Although the amount varies based on gender, age and height, an adequate intake is generally considered to be 1000 mg per day. It can increase up to 1200 mg in pregnant women or the elderly.

Some of its natural sources are:

  • Dairy products
  • Broccoli
  • Eggs
  • Fish
  • Soy and its derivatives
  • Garbanzo beans

2. Guarantees good absorption of vitamin D

Vitamin D deficiency is one of the factors that influences the loss of calcium throughout the body.

This essential nutrient, obtained from exposure to the sun, favors the assimilation of calcium in the intestine,  and facilitates its synthesis and use.

Vitamin D is also found in foods such as:

  • Fish oils
  • Eggs
  • Sardines
  • Salmon
  • Raw milk
  • Mushrooms

3. Limit your fat intake

To improve calcium assimilation, fat intake should be limited

Diets rich in fat are one of the factors that limit the assimilation of calcium in the body.

It is useless to increase foods rich in calcium, if other foods are consumed that reduce its absorption.

4. Eat protein in a balanced way

Proteins are one of the basic macronutrients that our body needs.
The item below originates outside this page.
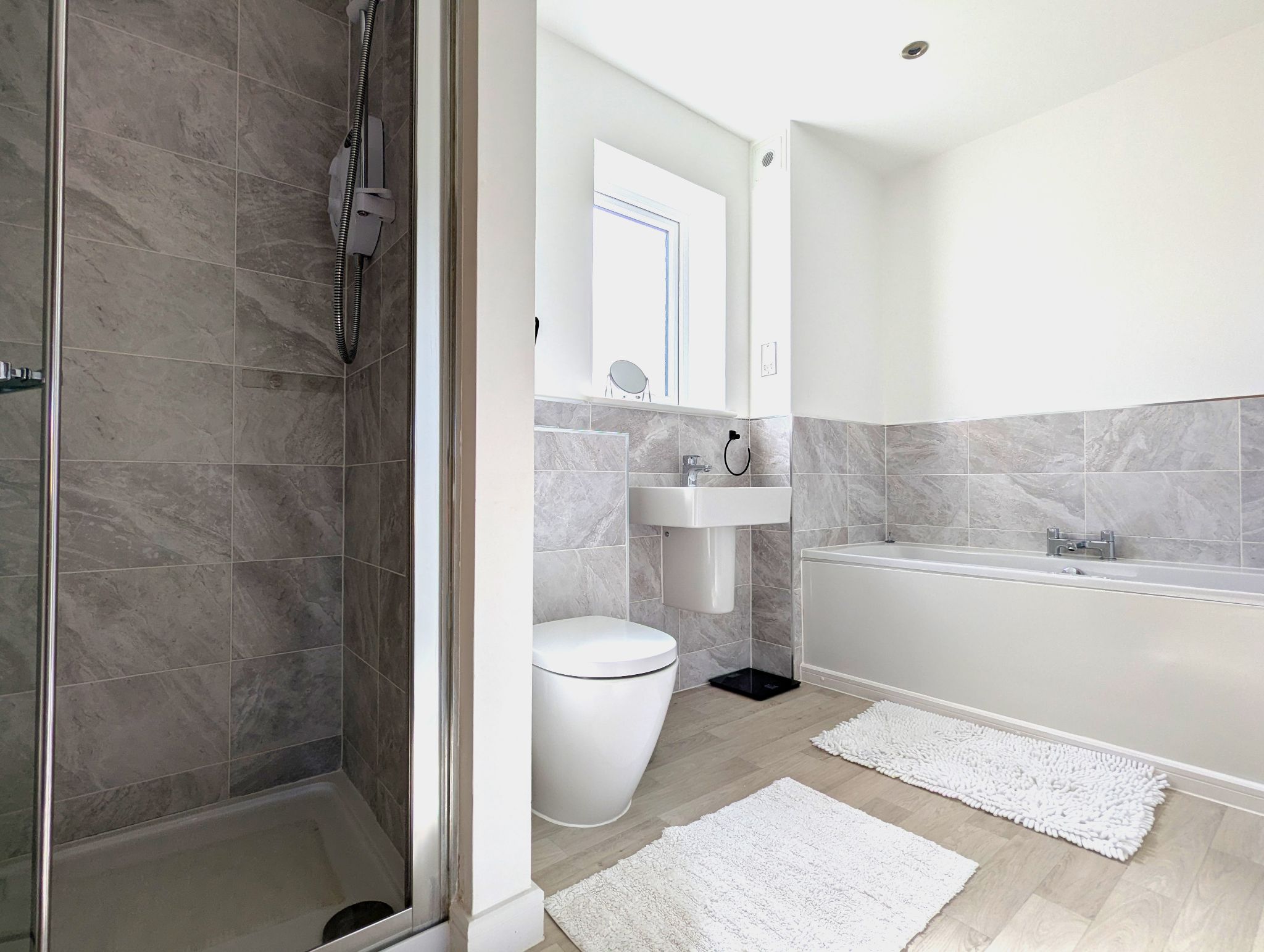 Family Bathroom 5'9 x 11'1 (1.79m x 3.38m) - Vinyl flooring and a tiled splashback. Access to a toilet, wash basin, bath and separate shower cubicle with an electric shower. Rear-facing UPVC double glazed window, wall mounted heated towel rail and extractor fan.

However, a high protein intake  can be counterproductive.

Maintaining a high protein diet can affect calcium assimilation, as it can increase your urinary excretion by 50%.
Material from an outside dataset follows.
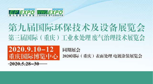 將原定于2020年5月28-30日在重慶國際博覽中心舉辦的“第九屆國際環(huán)保技術(shù)及設(shè)備展覽會”暨“第三屆國際(重慶)工業(yè)水處理 廢氣治理技術(shù)展覽會,”(以下簡稱EP EXPO)延期至9月10-12日舉辦,地點不變。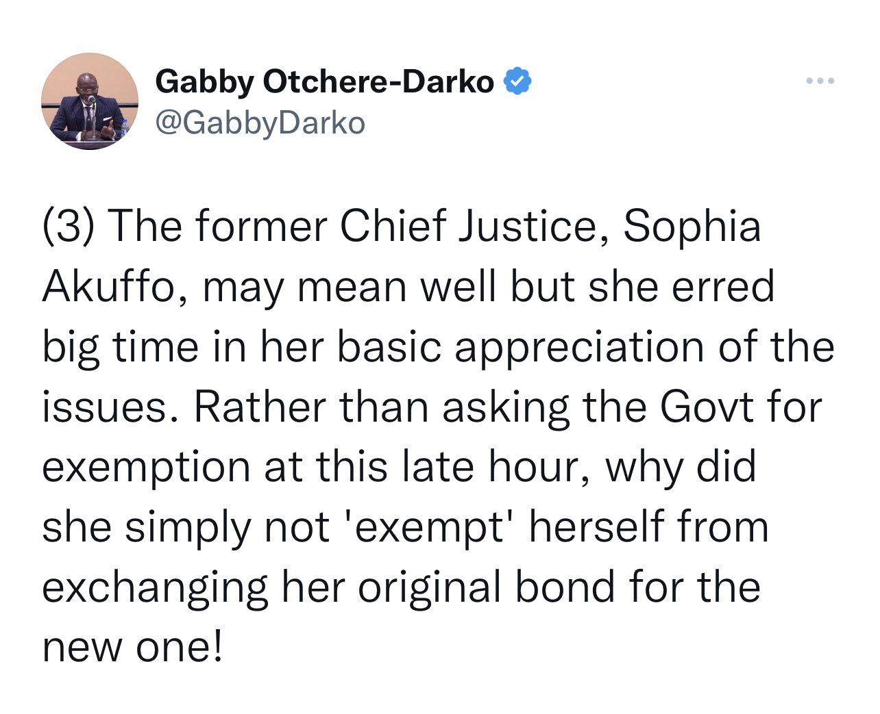 “The former Chief Justice, Sophia Akuffo, may mean well but she erred big time in her basic appreciation of the issues. Rather than asking the Govt for exemption at this late hour, why did she simply not 'exempt' herself from exchanging her original bond for the new one!” he added.

Try to get them from foods like:

  • Vegetables
  • Chicken
  • Turkey
  • Fatty fish
  • Nuts
  • Plain yogurt

5. Check the way you cook your food

The way food is cooked affects the assimilation of calcium

Are you choosing a good cooking method for food? The way you cook has a lot to do with how easy or difficult it is for the body to assimilate calcium.

When food is cooked at too high a temperature, especially cooked in water, it tends to lose minerals. To improve calcium assimilation, cook over low heat, for as short a time as possible, and consume raw fruits and vegetables as much as possible.

6. Avoid acidic diets

The regular intake of foods that acidify the body can hinder the absorption of essential minerals and, in the medium and long term, generate nutritional deficiencies.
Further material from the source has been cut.